There is a thrust underway to create Liberation Heritage Routes in different areas of the country. The concern is how victims and survivors of the events that are to be commemorated are included in their design and in benefiting from this kind of tourism such opportunity. In many areas, survivors have been left as observers of heritage processes rather than full participants and beneficiaries. Approaches that leave those who lived the experiences on the outside, add to the trauma of those who were violated.
Khulumani remains very anxious to be fully involved as an equal role player in the construction of heritage routes and of museums drawing on its extensive knowledge of the ways in which living memory work can contribute meaningfully to community healing and to the restoration of the dignity and the competence of victims and survivors of terrible events from this past conflict.

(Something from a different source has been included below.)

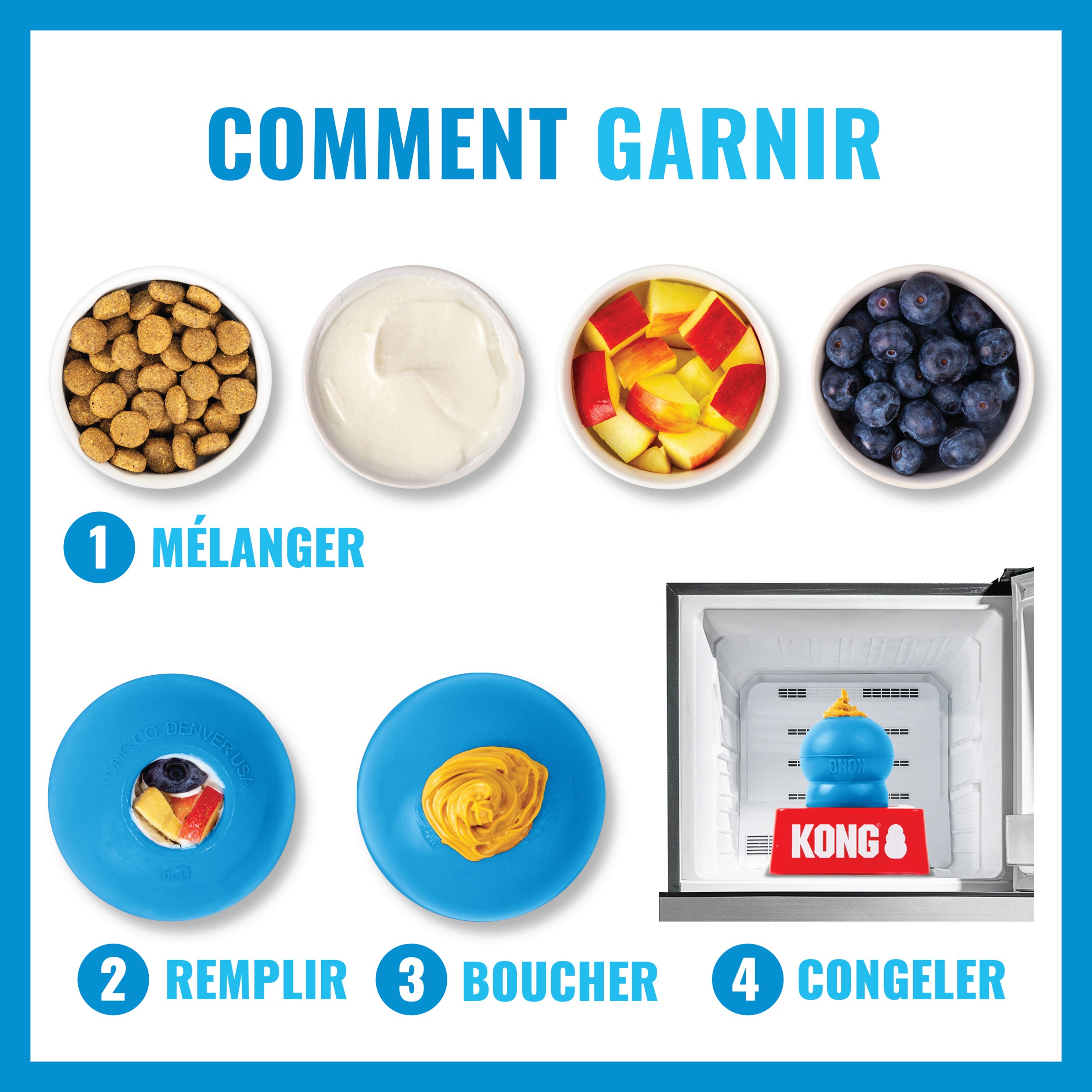•Congelez-le garni des goûts préférés de votre chiot pour un jeu prolongé

Advocate Jan Theron, a founding member of the Food and Canning Workers’ Union, in a recent address on the even of the Neil Aggett Memorial Lecture at Kingswood College, Grahamstown spoke of how memorials may be simply a way of ‘forgetting’ the devastating events of the past without learning their lessons to avoid their repetition in the future as happened, he suggests, with so many of the memorials to the massive loss of life of the first two so-called World Wars.
This trajectory can be changed through the participation and ongoing involvement of the survivors of the ‘horrors’ of the past as those who can share lessons with coming generations. Memorials as forms of symbolic reparation are meaningless if those who suffered these events, remain economically excluded and if only identified “great men and women of history” are remembered and honoured.